The Boto Cor-de-Rosa campaign represents a significant and dangerous evolution of the well-established Astaroth banking trojan (also known as Guildma), first observed in April 2025 targeting Brazilian financial services customers and banking institutions. This Astaroth campaign introduces unprecedented WhatsApp-based worm propagation capabilities that fundamentally transform the malware from a traditional banking trojan into a self-spreading social engineering platform. The Boto Cor-de-Rosa Astaroth variant leverages WhatsApp Web automation to systematically harvest victim contact lists and distribute malicious ZIP archives containing heavily obfuscated Visual Basic Script downloaders to every contact, creating exponential infection chains through trusted personal relationships.
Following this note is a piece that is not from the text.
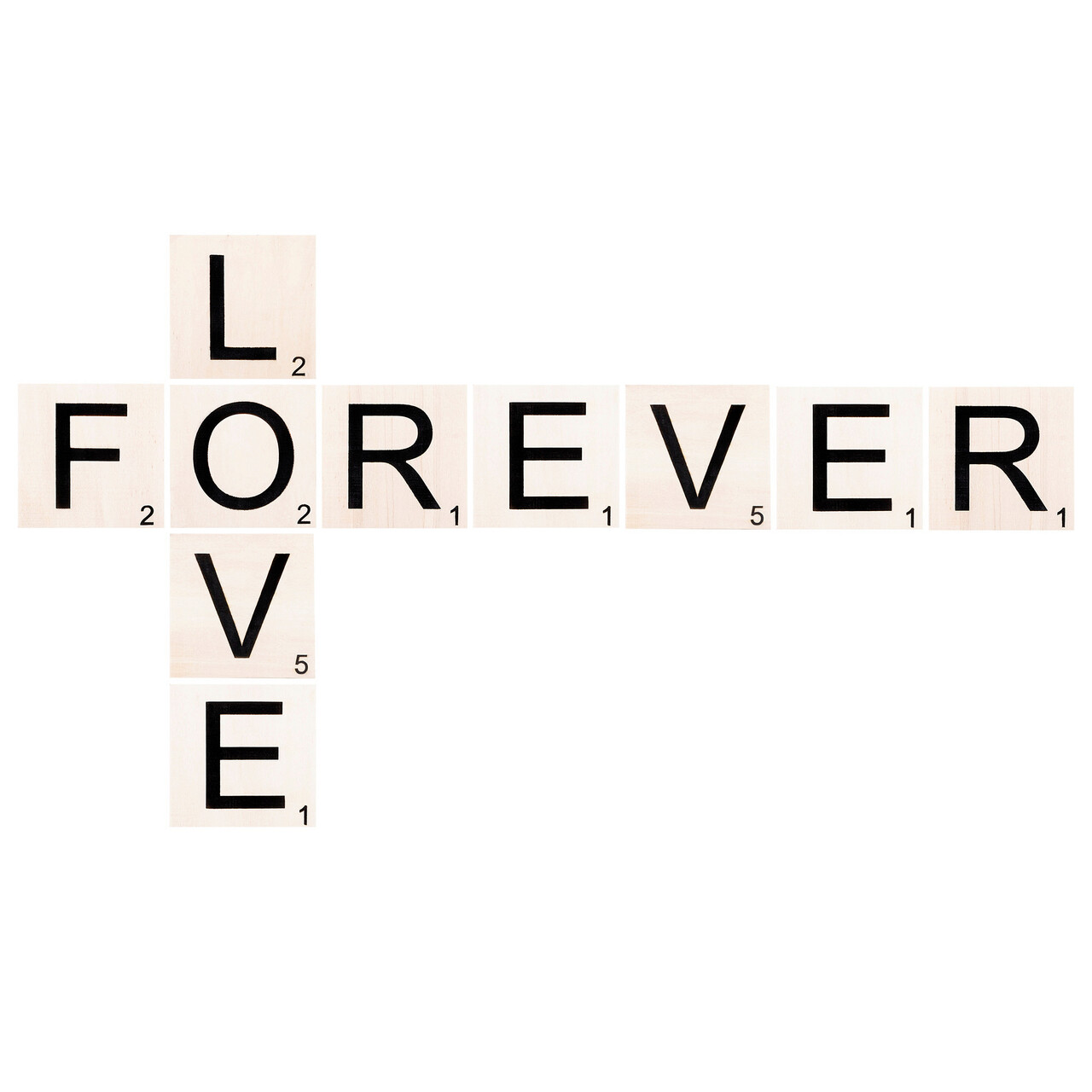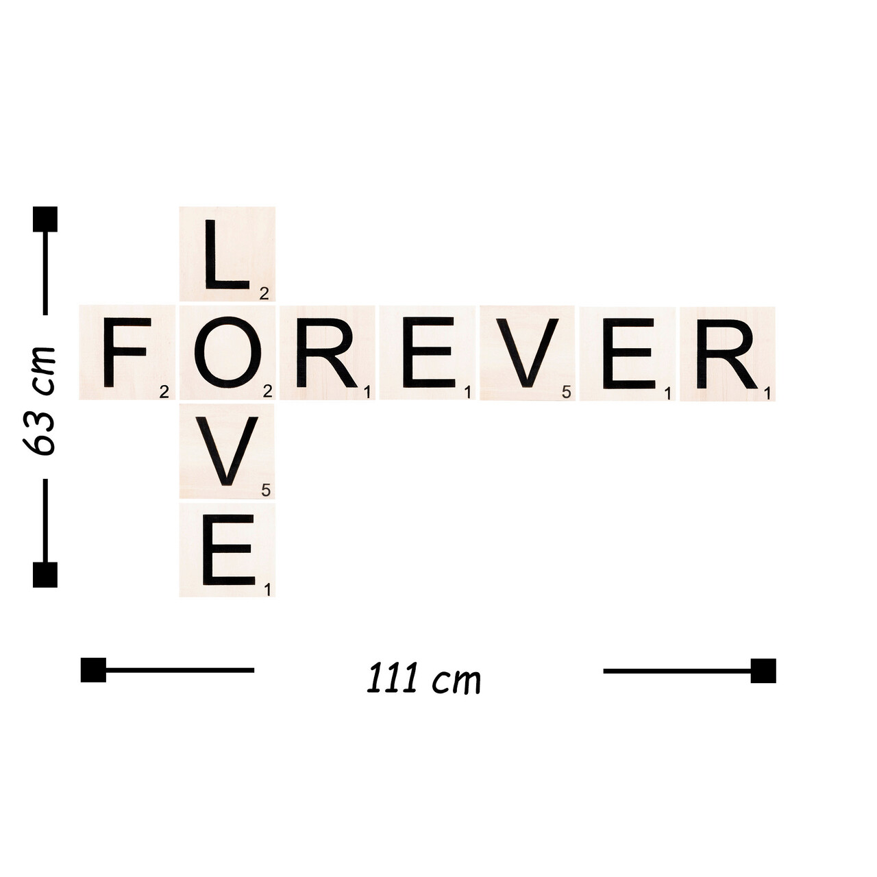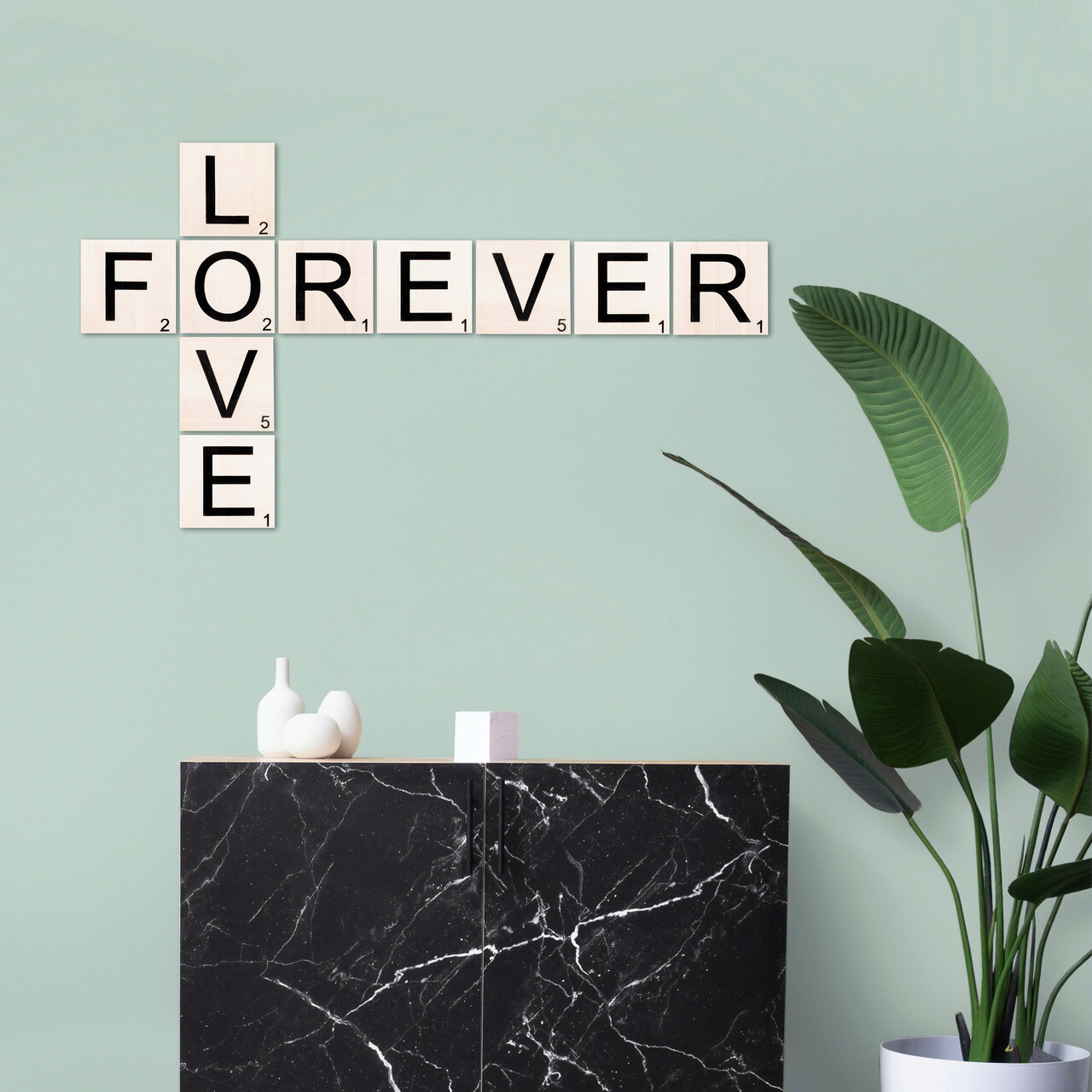 Decoratiune de perete, Scrabble Set, Lemn, Dimensiune: 111 x 63 cm, Alb/Negru
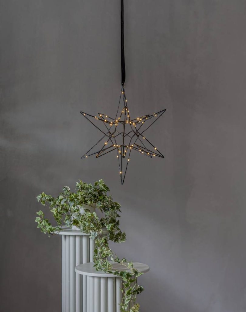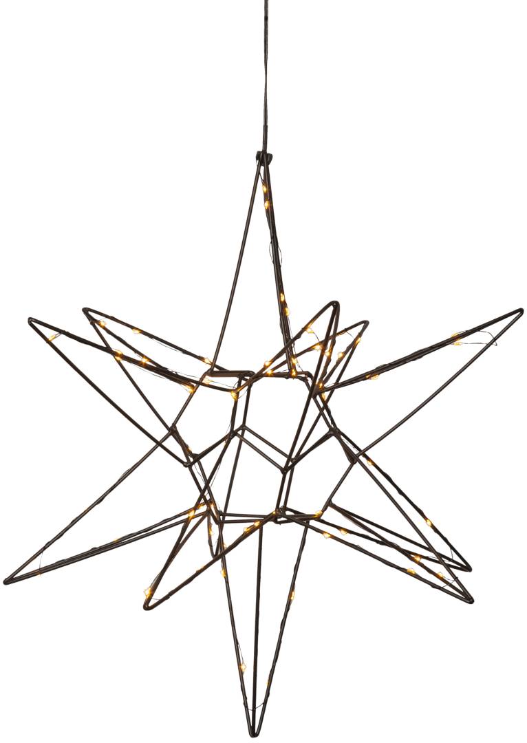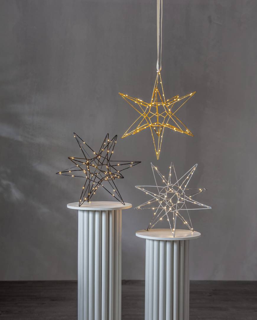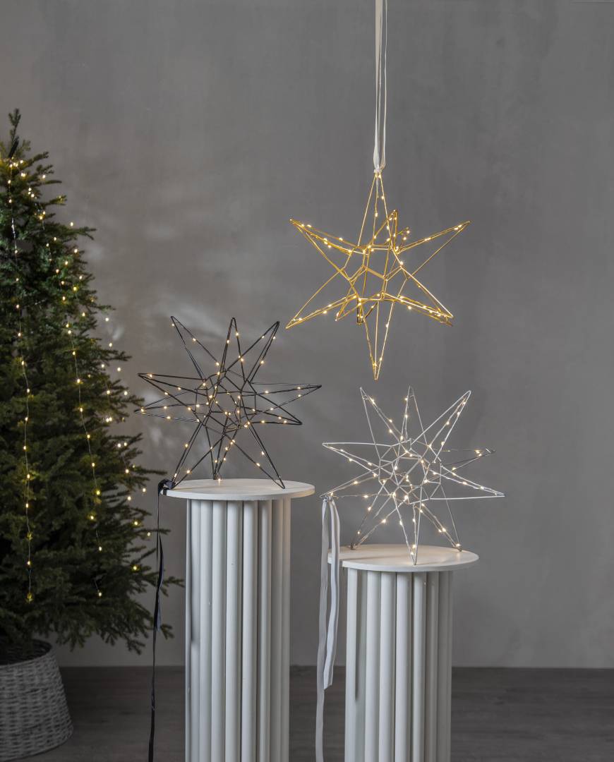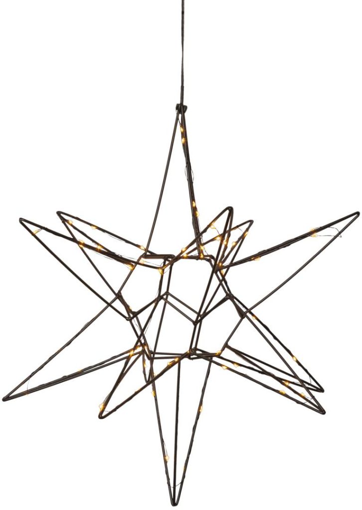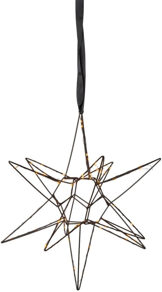 Kaunis kolmiulotteinen musta metallitähti sisäkäyttöön. Tähdessä loistaa 60 lämpimän valkoista LED-valoa. Kaunis koriste esimerkiksi ikkunaan tai vaikka lipaston päällä. Sopii tunnelmavaloksi kaikkina pimeinä talvikuukausina.

The Astaroth Boto Cor-de-Rosa malware operates through a sophisticated dual-functionality architecture combining aggressive propagation mechanisms with traditional credential theft capabilities. The propagation module maintains self-reinforcing infection loops through culturally-appropriate Portuguese-language social engineering that exploits the inherent trust users place in messages from known contacts. Simultaneously, the banking module silently monitors victim browsing activity in the background, waiting to intercept and steal financial credentials whenever victims access banking websites or financial service URLs. This combination of worm-like spreading behavior and targeted credential theft creates a particularly dangerous threat profile for Brazilian banking customers.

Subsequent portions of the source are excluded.